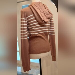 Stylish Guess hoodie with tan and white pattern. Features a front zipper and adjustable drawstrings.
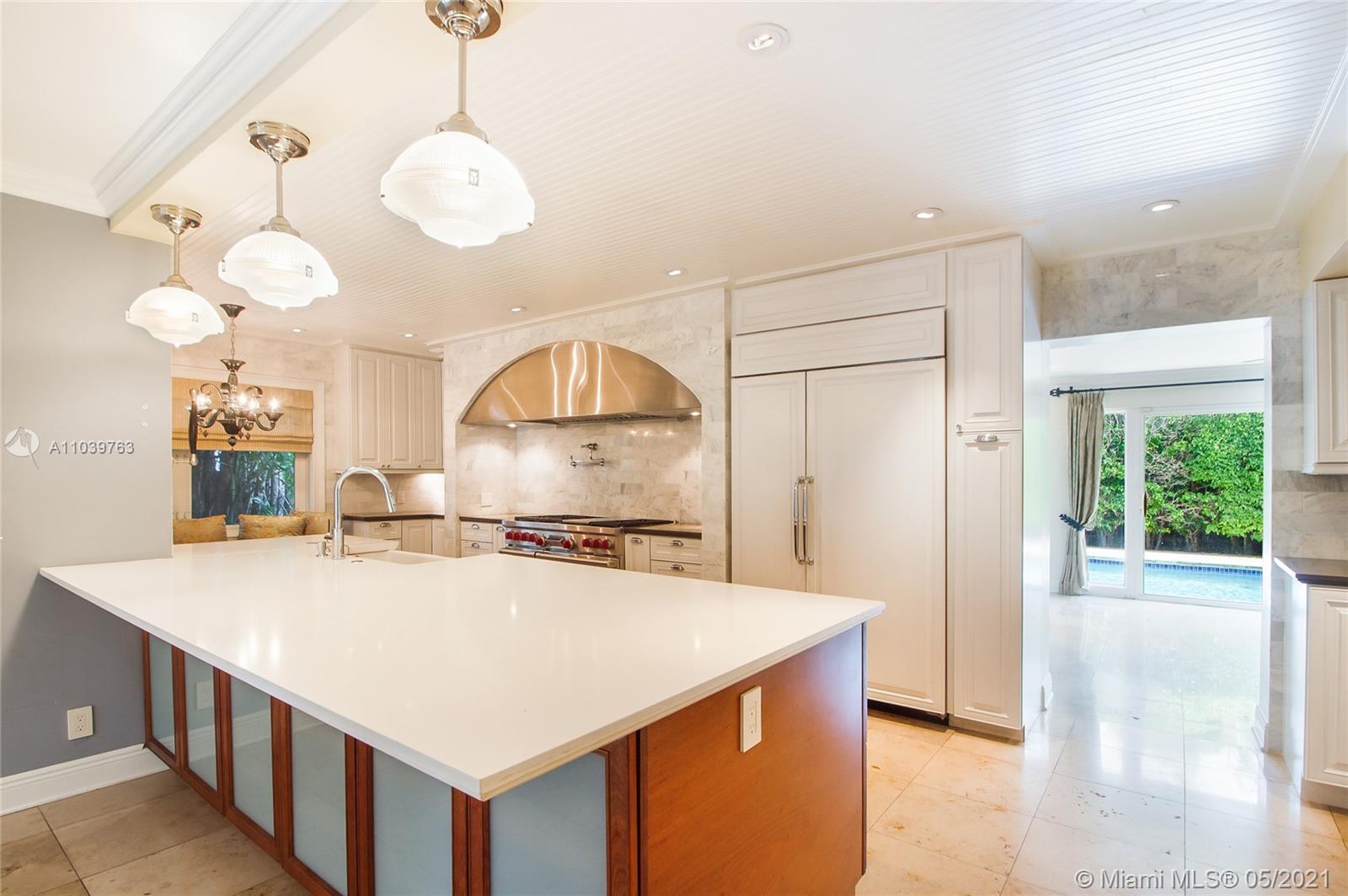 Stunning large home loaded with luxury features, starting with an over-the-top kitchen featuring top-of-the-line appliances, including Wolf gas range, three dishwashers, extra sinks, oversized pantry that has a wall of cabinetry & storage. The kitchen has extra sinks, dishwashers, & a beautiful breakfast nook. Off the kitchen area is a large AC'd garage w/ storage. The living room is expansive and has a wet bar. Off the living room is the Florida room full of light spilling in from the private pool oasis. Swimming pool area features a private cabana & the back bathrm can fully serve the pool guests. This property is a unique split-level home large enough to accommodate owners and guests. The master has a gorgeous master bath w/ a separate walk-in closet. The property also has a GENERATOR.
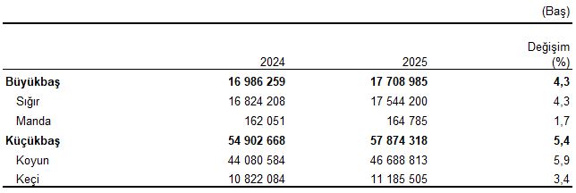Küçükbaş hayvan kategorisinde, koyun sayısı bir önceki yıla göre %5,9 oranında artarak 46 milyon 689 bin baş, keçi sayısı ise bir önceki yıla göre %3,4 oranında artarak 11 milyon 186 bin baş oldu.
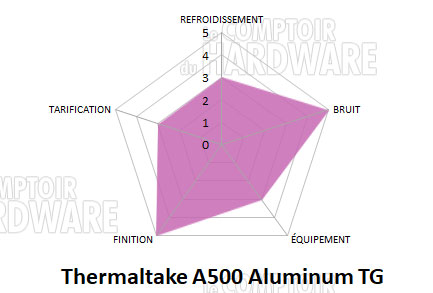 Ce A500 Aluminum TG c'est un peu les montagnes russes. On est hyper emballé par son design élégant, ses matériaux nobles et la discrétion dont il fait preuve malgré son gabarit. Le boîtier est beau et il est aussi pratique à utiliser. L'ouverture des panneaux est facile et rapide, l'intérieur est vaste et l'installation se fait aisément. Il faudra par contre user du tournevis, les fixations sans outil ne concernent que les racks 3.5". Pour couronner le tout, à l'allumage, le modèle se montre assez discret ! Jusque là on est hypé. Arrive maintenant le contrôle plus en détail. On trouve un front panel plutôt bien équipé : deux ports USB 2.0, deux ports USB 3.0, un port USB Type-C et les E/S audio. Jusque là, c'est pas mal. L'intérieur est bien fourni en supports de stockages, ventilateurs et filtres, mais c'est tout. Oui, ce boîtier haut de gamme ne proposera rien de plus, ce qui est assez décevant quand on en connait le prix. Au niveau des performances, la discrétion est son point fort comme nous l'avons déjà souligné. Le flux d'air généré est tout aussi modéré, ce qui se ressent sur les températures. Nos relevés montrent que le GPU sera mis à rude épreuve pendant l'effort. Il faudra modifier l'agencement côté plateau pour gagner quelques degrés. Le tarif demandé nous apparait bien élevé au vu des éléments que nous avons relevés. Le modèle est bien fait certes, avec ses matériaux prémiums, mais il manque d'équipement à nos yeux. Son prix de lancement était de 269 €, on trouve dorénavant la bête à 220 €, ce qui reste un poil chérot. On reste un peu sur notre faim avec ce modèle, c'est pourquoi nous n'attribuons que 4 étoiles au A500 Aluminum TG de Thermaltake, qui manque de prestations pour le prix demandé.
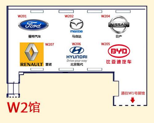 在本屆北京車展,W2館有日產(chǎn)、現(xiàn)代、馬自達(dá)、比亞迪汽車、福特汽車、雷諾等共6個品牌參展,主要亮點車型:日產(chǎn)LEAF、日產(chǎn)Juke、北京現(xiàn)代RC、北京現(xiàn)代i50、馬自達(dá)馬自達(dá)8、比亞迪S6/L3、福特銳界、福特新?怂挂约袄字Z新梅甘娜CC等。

> Try it: Retype the data shown above exactly, excluding any picture it contains.

> Exercise result:
 Stylish Guess hoodie with tan and white pattern. Features a front zipper and adjustable drawstrings.
 Stunning large home loaded with luxury features, starting with an over-the-top kitchen featuring top-of-the-line appliances, including Wolf gas range, three dishwashers, extra sinks, oversized pantry that has a wall of cabinetry & storage. The kitchen has extra sinks, dishwashers, & a beautiful breakfast nook. Off the kitchen area is a large AC'd garage w/ storage. The living room is expansive and has a wet bar. Off the living room is the Florida room full of light spilling in from the private pool oasis. Swimming pool area features a private cabana & the back bathrm can fully serve the pool guests. This property is a unique split-level home large enough to accommodate owners and guests. The master has a gorgeous master bath w/ a separate walk-in closet. The property also has a GENERATOR.
Küçükbaş hayvan kategorisinde, koyun sayısı bir önceki yıla göre %5,9 oranında artarak 46 milyon 689 bin baş, keçi sayısı ise bir önceki yıla göre %3,4 oranında artarak 11 milyon 186 bin baş oldu.
 Ce A500 Aluminum TG c'est un peu les montagnes russes. On est hyper emballé par son design élégant, ses matériaux nobles et la discrétion dont il fait preuve malgré son gabarit. Le boîtier est beau et il est aussi pratique à utiliser. L'ouverture des panneaux est facile et rapide, l'intérieur est vaste et l'installation se fait aisément. Il faudra par contre user du tournevis, les fixations sans outil ne concernent que les racks 3.5". Pour couronner le tout, à l'allumage, le modèle se montre assez discret ! Jusque là on est hypé. Arrive maintenant le contrôle plus en détail. On trouve un front panel plutôt bien équipé : deux ports USB 2.0, deux ports USB 3.0, un port USB Type-C et les E/S audio. Jusque là, c'est pas mal. L'intérieur est bien fourni en supports de stockages, ventilateurs et filtres, mais c'est tout. Oui, ce boîtier haut de gamme ne proposera rien de plus, ce qui est assez décevant quand on en connait le prix. Au niveau des performances, la discrétion est son point fort comme nous l'avons déjà souligné. Le flux d'air généré est tout aussi modéré, ce qui se ressent sur les températures. Nos relevés montrent que le GPU sera mis à rude épreuve pendant l'effort. Il faudra modifier l'agencement côté plateau pour gagner quelques degrés. Le tarif demandé nous apparait bien élevé au vu des éléments que nous avons relevés. Le modèle est bien fait certes, avec ses matériaux prémiums, mais il manque d'équipement à nos yeux. Son prix de lancement était de 269 €, on trouve dorénavant la bête à 220 €, ce qui reste un poil chérot. On reste un peu sur notre faim avec ce modèle, c'est pourquoi nous n'attribuons que 4 étoiles au A500 Aluminum TG de Thermaltake, qui manque de prestations pour le prix demandé.
 在本屆北京車展,W2館有日產(chǎn)、現(xiàn)代、馬自達(dá)、比亞迪汽車、福特汽車、雷諾等共6個品牌參展,主要亮點車型:日產(chǎn)LEAF、日產(chǎn)Juke、北京現(xiàn)代RC、北京現(xiàn)代i50、馬自達(dá)馬自達(dá)8、比亞迪S6/L3、福特銳界、福特新?怂挂约袄字Z新梅甘娜CC等。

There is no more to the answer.